Stored dataset items
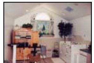
CENTRAL BATHING AREA
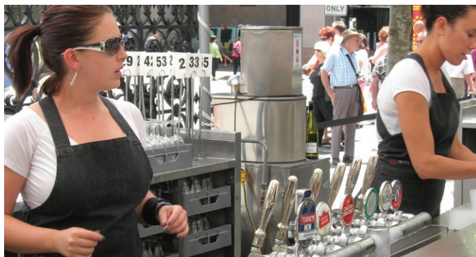
Summer has started. Quay Bar, Sydney

Thanks go to recent participants: Pure, The Greyhound, Mercure Hotel, Collins Quarter, Cubby House, Box Hill Tafe, The Australian Club, E.T.'s, Fox in the Box, Gin Palace, Citigate, Crown Casino, Kent Hotel, Qantas Catering, Sabel, Shamiana Restaurant, The Local, Crown Plaza, Three One Two, Wed on Wellington, Dreams Club, The Rooftop Bar, The Old Melbourne Gaol, Eurotrash, Billboard, Tramp Niteclub, Red Spice Road and Mynt Lounge.
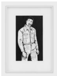
Tobias Kaspar Joel Kim Booster in a Gucci jumpsuit, 2020 Ink and acrylic on paper 25.1 × 42 cm (9 7/8 × 16 1/2 inches) 61.5 × 43.5 cm (24 1/4 × 17 1/8 inches) (framed)
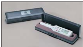
Hard Plastic Protective Case - protect your investment
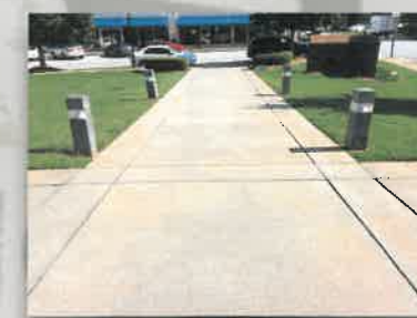
Replace sidewalk entrance lighting
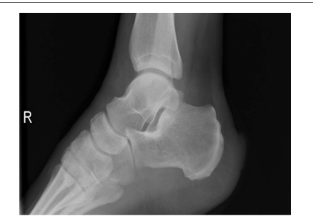
Figure 8: Case 2: Preoperative lateral radiograph of right calcaneus showing a 2.8 cm soft tissue lesion, which arises from the skin of the heel.
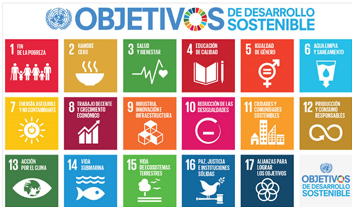
Figure 4. Sustainable development goals. WHO, 2016. (25)
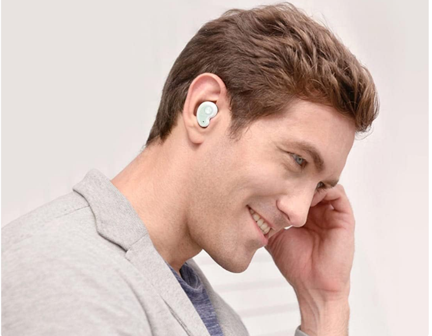
Image: A visual representation of the earbuds and charging case, highlighting the 30-hour total playtime.
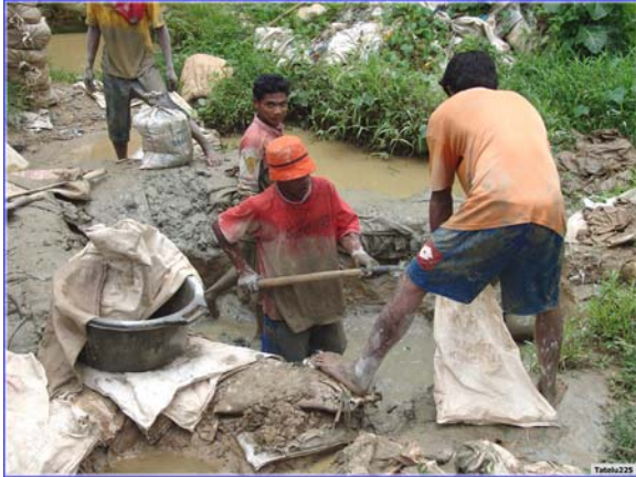
Figure 14. Bagging Hg-bearing tails.

on Manado's streets will buy bananas from Dimembe. Sadly, a long-term sustainable agricultural economy was replaced by a relatively short-term mining economy.
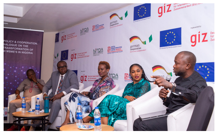
1st policy dialogue: Digital transformation of non-tech MSMEs in Nigeria
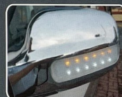
Side mirror with signal lamp & daylight
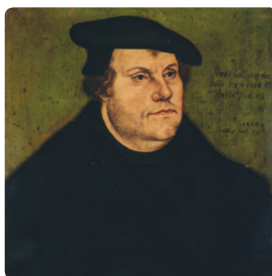
RENAISSANCE AND REFORMATION: GERMAN ART IN THE AGE OF DÜRER AND CRANACH Opens November 20 Member Previews: November 17–19 Resnick Pavilion
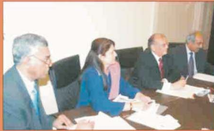
KCDR Management in meeting

"It was a great news to learn about KCDR which offers a quick, fair, and balanced mechanism for dispute resolution."
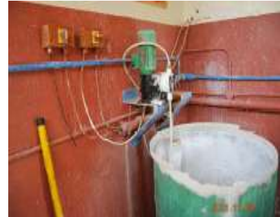
Chlorine dosing room required cleaning
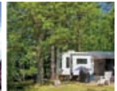
Tuxbury Pond, South Hampton
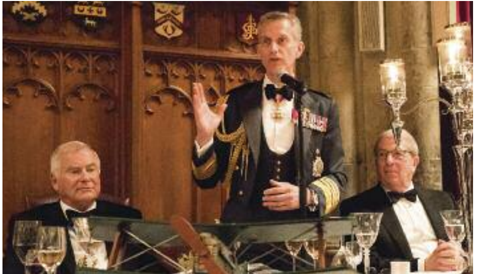
Sir Stephen in full flow
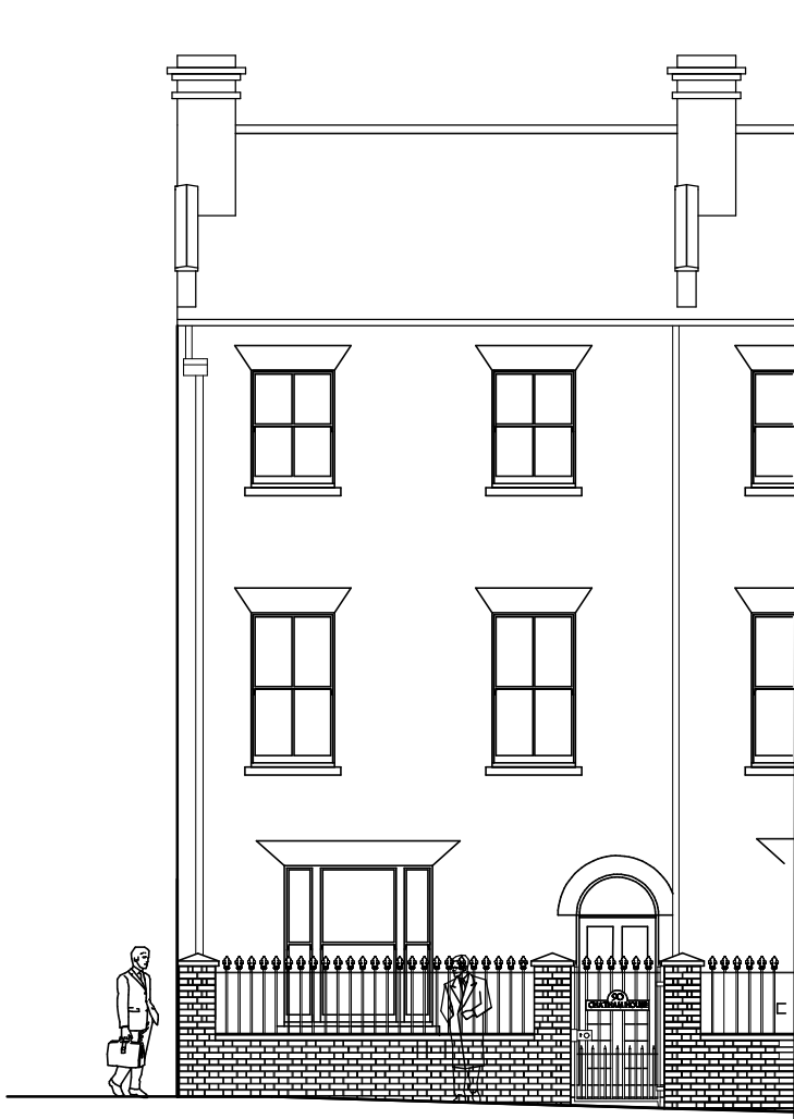
ELEVATION TO HEATH STREET UNALTERED
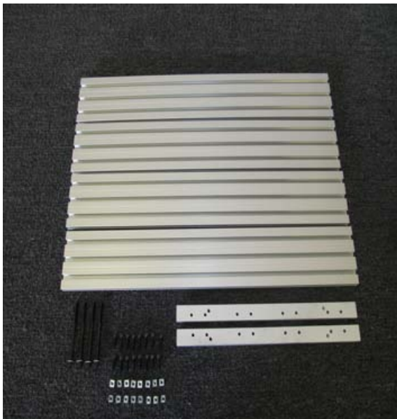
(V90 T-Slot Table Shown)
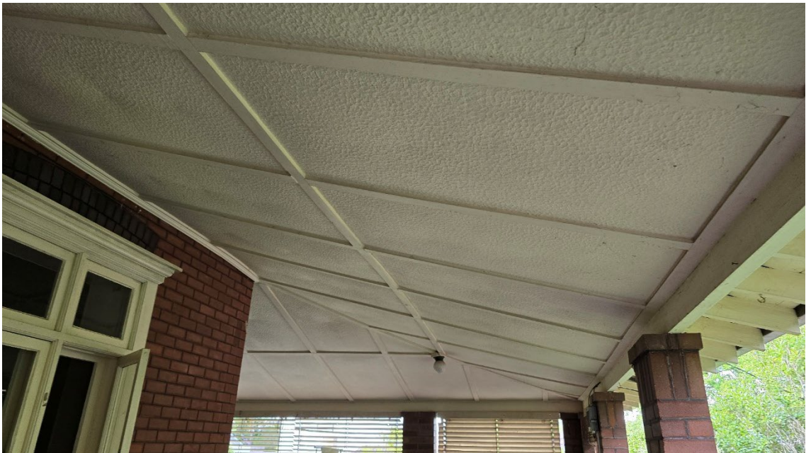
Photograph No. 4: Fibrous plaster ceiling lining over front verandah at 14 Bent Street
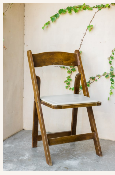
Fruitwood Folding $7
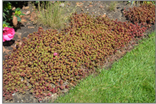
Fuldaglut Stonecrop

Fuldaglut Stonecrop is a fine choice for the garden, but it is also a good selection for planting in outdoor pots and containers. Because of its spreading habit of growth, it is ideally suited for use as a 'spiller' in the 'spiller-thriller-filler' container combination; plant it near the edges where it can spill gracefully over the pot. Note that when growing plants in outdoor containers and baskets, they may require more frequent waterings than they would in the yard or garden.
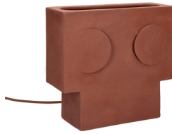
table lamp L 28 x W 10 x H 27 cm 41237-TER-10
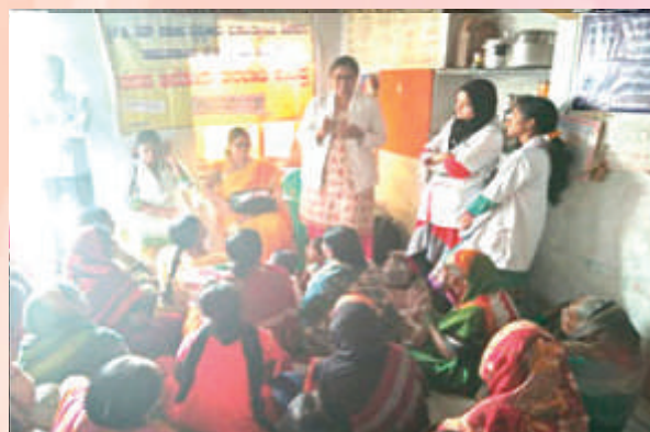
‘National Nutritional Week’ organized by R.H.T.C. Ukkali, on September 2 to 7, 2016 at Anganawadi Centers.
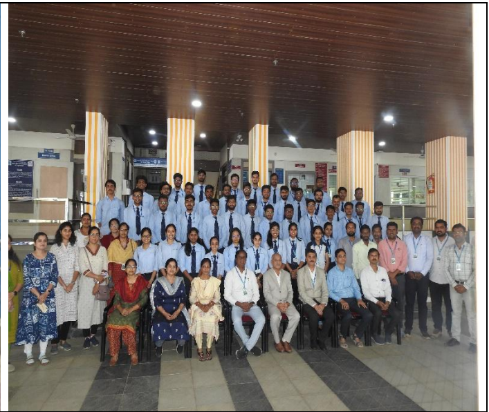
Group Photo – Civil Engineering Department AY 2023-24
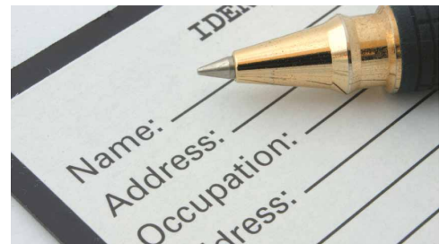
Registration services are provided
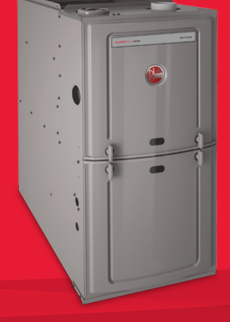
Classic Plus<sup>™</sup> Series R801T / R802P
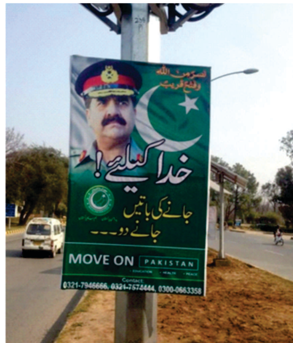
Following the COAS' statement, banners like the above crept up in Islamabad

Immediately following the COAS' public pronouncement, banners appeared across Islamabad, sponsored by the political party Move On Pakistan stating that ' Khuda kay liay.... Janay ki batain janay do! ' (Translation: For God's sake-Don't talk about going).
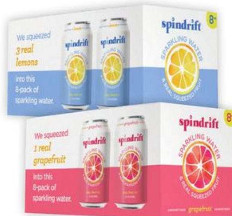
Spindrift Sparkling Water 8-Pack, 12-oz Cans, select varieties
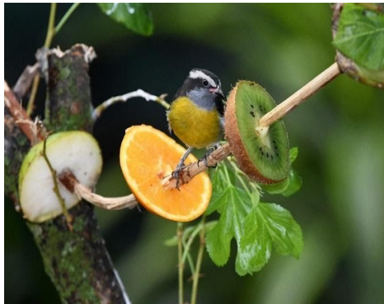
Bananaquit/ Coereba flaveola

Please share your moments on social media: Download the BZ Rewards App in your app store to win prizes Facebook: Facebook.com/BrookfieldZoo Instagram: Instagram.com/BrookfieldZoo Twitter: Twitter.com/Brookfield_Zoo

* TASK BRIEF *
Leaving pictures aside, write out each record above exactly as given.

* EXERCISE SOLUTION *
CENTRAL BATHING AREA
Summer has started. Quay Bar, Sydney

Thanks go to recent participants: Pure, The Greyhound, Mercure Hotel, Collins Quarter, Cubby House, Box Hill Tafe, The Australian Club, E.T.'s, Fox in the Box, Gin Palace, Citigate, Crown Casino, Kent Hotel, Qantas Catering, Sabel, Shamiana Restaurant, The Local, Crown Plaza, Three One Two, Wed on Wellington, Dreams Club, The Rooftop Bar, The Old Melbourne Gaol, Eurotrash, Billboard, Tramp Niteclub, Red Spice Road and Mynt Lounge.
Tobias Kaspar Joel Kim Booster in a Gucci jumpsuit, 2020 Ink and acrylic on paper 25.1 × 42 cm (9 7/8 × 16 1/2 inches) 61.5 × 43.5 cm (24 1/4 × 17 1/8 inches) (framed)
Hard Plastic Protective Case - protect your investment
Replace sidewalk entrance lighting
Figure 8: Case 2: Preoperative lateral radiograph of right calcaneus showing a 2.8 cm soft tissue lesion, which arises from the skin of the heel.
Figure 4. Sustainable development goals. WHO, 2016. (25)
Image: A visual representation of the earbuds and charging case, highlighting the 30-hour total playtime.
Figure 14. Bagging Hg-bearing tails.

on Manado's streets will buy bananas from Dimembe. Sadly, a long-term sustainable agricultural economy was replaced by a relatively short-term mining economy.
1st policy dialogue: Digital transformation of non-tech MSMEs in Nigeria
Side mirror with signal lamp & daylight
RENAISSANCE AND REFORMATION: GERMAN ART IN THE AGE OF DÜRER AND CRANACH Opens November 20 Member Previews: November 17–19 Resnick Pavilion
KCDR Management in meeting

"It was a great news to learn about KCDR which offers a quick, fair, and balanced mechanism for dispute resolution."
Chlorine dosing room required cleaning
Tuxbury Pond, South Hampton
Sir Stephen in full flow
ELEVATION TO HEATH STREET UNALTERED
(V90 T-Slot Table Shown)
Photograph No. 4: Fibrous plaster ceiling lining over front verandah at 14 Bent Street
Fruitwood Folding $7
Fuldaglut Stonecrop

Fuldaglut Stonecrop is a fine choice for the garden, but it is also a good selection for planting in outdoor pots and containers. Because of its spreading habit of growth, it is ideally suited for use as a 'spiller' in the 'spiller-thriller-filler' container combination; plant it near the edges where it can spill gracefully over the pot. Note that when growing plants in outdoor containers and baskets, they may require more frequent waterings than they would in the yard or garden.
table lamp L 28 x W 10 x H 27 cm 41237-TER-10
‘National Nutritional Week’ organized by R.H.T.C. Ukkali, on September 2 to 7, 2016 at Anganawadi Centers.
Group Photo – Civil Engineering Department AY 2023-24
Registration services are provided
Classic Plus<sup>™</sup> Series R801T / R802P
Following the COAS' statement, banners like the above crept up in Islamabad

Immediately following the COAS' public pronouncement, banners appeared across Islamabad, sponsored by the political party Move On Pakistan stating that ' Khuda kay liay.... Janay ki batain janay do! ' (Translation: For God's sake-Don't talk about going).
Spindrift Sparkling Water 8-Pack, 12-oz Cans, select varieties
Bananaquit/ Coereba flaveola

Please share your moments on social media: Download the BZ Rewards App in your app store to win prizes Facebook: Facebook.com/BrookfieldZoo Instagram: Instagram.com/BrookfieldZoo Twitter: Twitter.com/Brookfield_Zoo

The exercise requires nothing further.